‘Typing Error’ made NHIF pay out Sh367 million
Auditor General Nancy Gathungu has flagged excess payment of Sh367 million in claims to contracted health facilities.
Details show that while the hospitals billed Sh447 million, the fund paid out Sh814 million, leading to an unexplained extra payment of Sh367 million that management attributed to typing errors.
The excess payments were made under the National Police Service, NHC, UHC, civil servants, Edu Afya, county, parastatal, and Linda Mama schemes.
“Although management attributed the variance to typing errors made by hospital clerks while inputting bill amounts in the e-claim system, there was no evidence of reconciling the billed amount to claims paid or requests for refunds for overpayments,” Gathungu said.
The amount is just a fraction of what the auditor general flagged in a new report indicating that Kenyans could have lost billions.
The report says the NHIF management failed to explain expenditure of more than Sh7.4 billion, as per the report for the year ending June 30, 2023.
An analysis of bills owed to healthcare providers revealed Sh2.9 billion in respect of duplicate healthcare providers, with the same name but different outstanding amounts and different hospital codes.
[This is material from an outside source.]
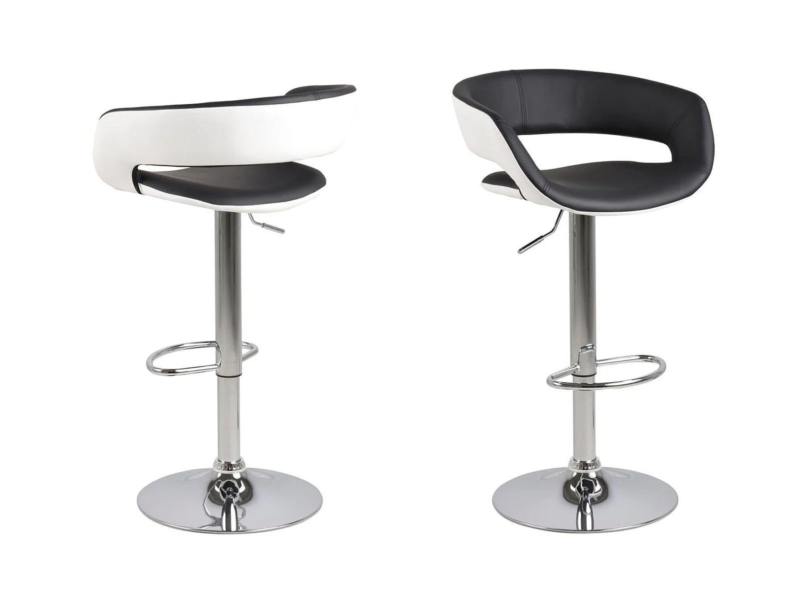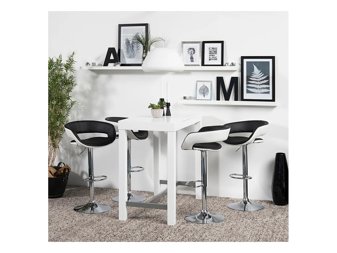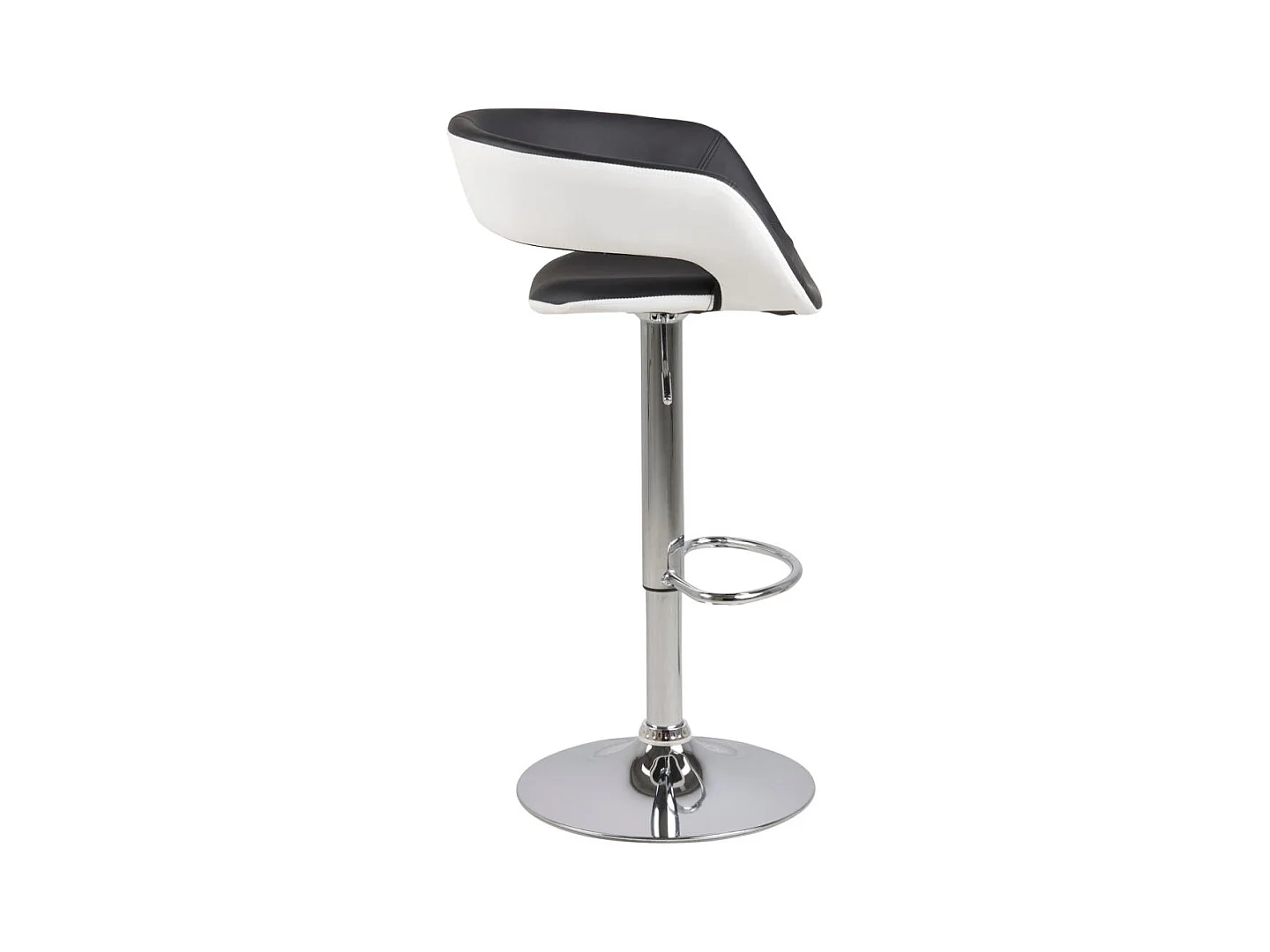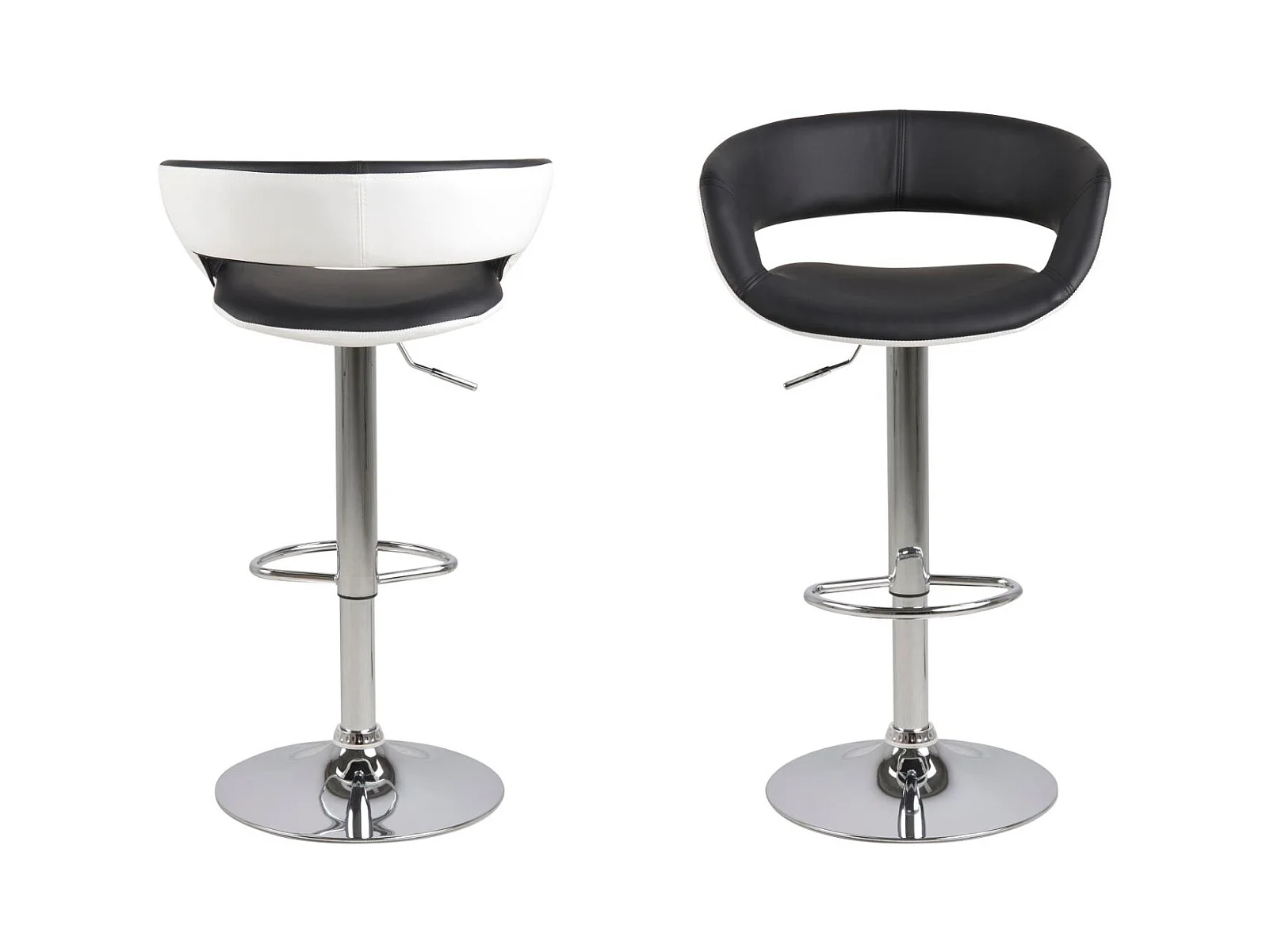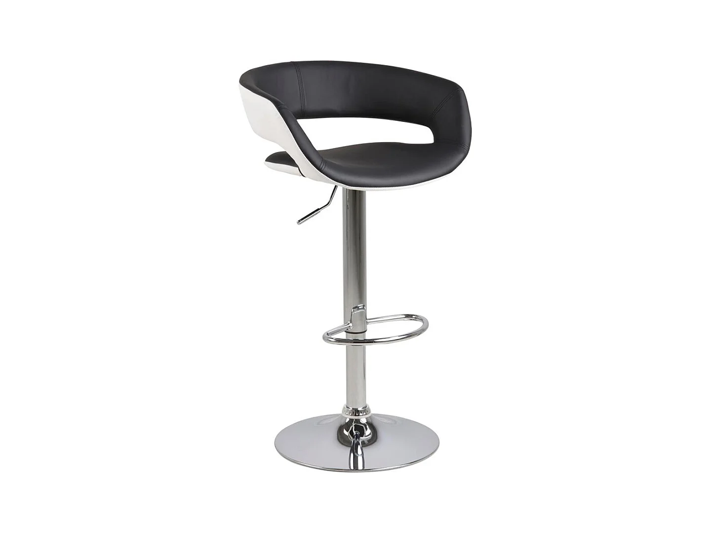 Gramma Barhocker schwarz und weiss Kunstleder, Fuss in Chrome mit Gasdruck.

Of the amounts flagged, cases of duplicate payments to the tune of Sh247 million were claims passed off as paid to ‘the same patient’.
It has emerged that the NHIF management paid Sh51 million for one patient who was admitted to different hospitals at the same time.
A review by the auditor revealed that the amount was for 2,808 claims purported to be for the same patient.
Gathungu has also concluded that the benefits paid out under the Linda Mama programme to the tune of Sh47 million couldn’t be confirmed.
It was established that Sh41 million was paid out for normal deliveries for one patient under whom 10,860 claims [duplicate] were raised.
Another Sh5.7 million paid to NHIF-accredited hospitals turned out to be for caesarean deliveries carried out on the same patient.
The findings cast a spotlight on accountability concerns around the Social Health Insurance Fund that President William Ruto’s team has fronted to replace NHIF.
Rollout of the new fund has been extended to October but registration is scheduled to begin on Monday, July 1.